Plot depicts mean cumulative number (summed across the general and specific probes) of internal (episodic) details generated on the AI across the five sampled intervals, as a function of group (amnesic group, N = 16; control group, N = 16). With the exception of the past year, each time interval refers to the age of the participant at the time of the remembered event; for example, 18–30 years refers to an event that occurred when each participant was between 18–30 years-of-age. A significant interaction between group and time (across all five sampled intervals) suggests that the loss of internal (episodic) detail was time-sensitive (F(2.67,80.22) = 3.91, p=0.015, η2= 0.115).

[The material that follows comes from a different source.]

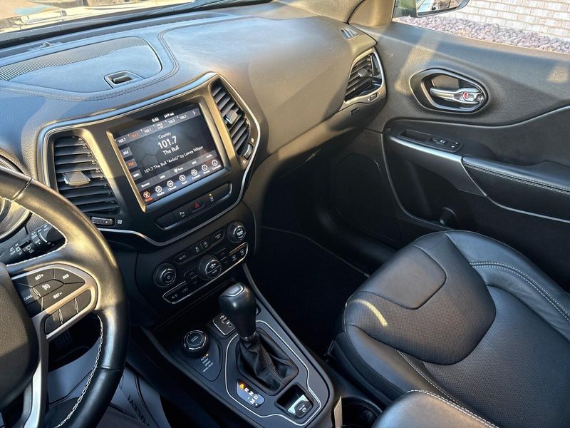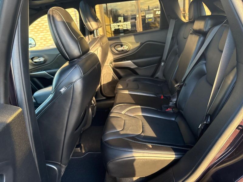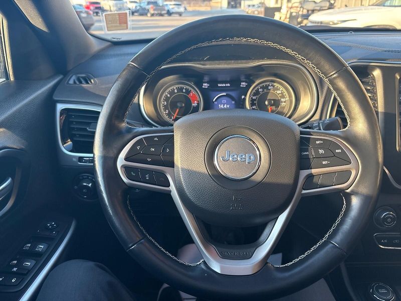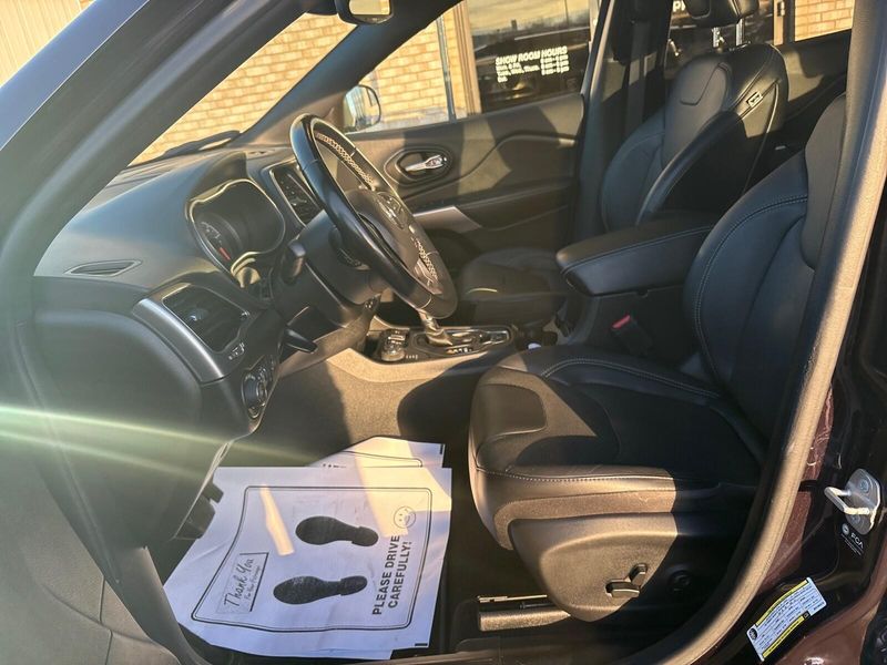 This 2021 Jeep Cherokee Latitude Lux 4X4 is a one-owner local trade with a perfect Carfax history and a great mix of comfort, capability, and style. Powered by the strong 3.2L V6 paired with a 9-speed automatic transmission, it delivers confident performance along with Jeeps Active Drive 4x4 and Selec-Terrain system for year-round traction. Finished in eye-catching Sangria Metallic, this Cherokee stands out with 19-inch wheels, Granite Crystal exterior accents, and the sought-after dual-pane panoramic sunroof. Inside, the Latitude Lux trim adds leather-trimmed bucket seats, heated front seats, a heated steering wheel, power front seats, dual-zone climate control, remote start, and the large 8.4-inch touchscreen with Uconnect. Safety and convenience features buyers care about include blind-spot monitoring, rear cross-traffic alert, forward collision warning with automatic braking, lane departure warning, rear park assist, and a backup camera. The power liftgate and trailer tow package add extra practicality for daily driving or weekend plans. Clean, well-equipped, and hard to find in this condition, this Cherokee is a solid choice for anyone wanting a comfortable midsize SUV with true 4x4 capability. Comes with our lifetime engine warranty up to $4,000 if you get your oil changes done here and get the BG additive applied every visit! You're not just a number here at Jim Baier, our #1 priority is taking care of you before, during, and after the sale! We strive to build a lasting relationship with our customers and service their transportation needs for life! And that's what has given us the privilege of being named the #1 rated dealer in Southeast Iowa. Come experience the difference! Call/text (319) 371-4268, or email us at JESSE@jimbaier.com before you stop in to make sure this vehicle is still available and we'll have it pulled up front when you arrive!
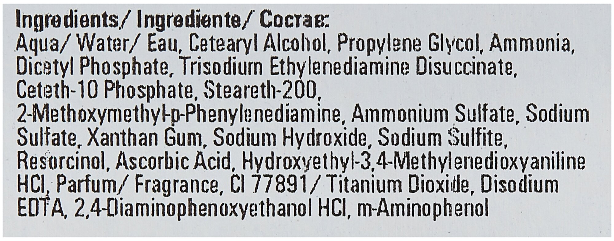 | Состав | aqua/ water/ eau, cetearyl alcohol, propylene glycol, ammonia, dicetyl phosphate, trisodium ethylenediamine disuccinate, ceteth-10 phosphate, steareth-200, ammonium sulfate, sodium sulfate, xanthan gum, sodium hydroxide, sodium sulfite, ascorbic acid, parfum/ fragrance, 2-methoxymethyl-p-phenylenediamine, ci 77891/ titanium dioxide, disodium edta, resorcinol, 2,4-diaminophenoxyethanol hcl |

Post hoc analyses revealed that the earliest remote memory (0–11 years) was intact (F(1,30) = 0.250, p=0.621), whereas there was temporally ungraded loss of internal detail across the remaining remote and recent memories (group: F(1,30) = 23.25, p<0.0001, η2= 0.437; group x time: F(2.62,78.44) = 1.51, p=0.222, η2p = 0.048; time: F(2.62,78.44) = 0.604, p=0.592, η2= 0.020), extending up to ~50 years prior to the CA3 damage (11–18 year interval for internal detail, F(1,30) = 6.43, p=0.017). Error bars correspond to the s.e.m.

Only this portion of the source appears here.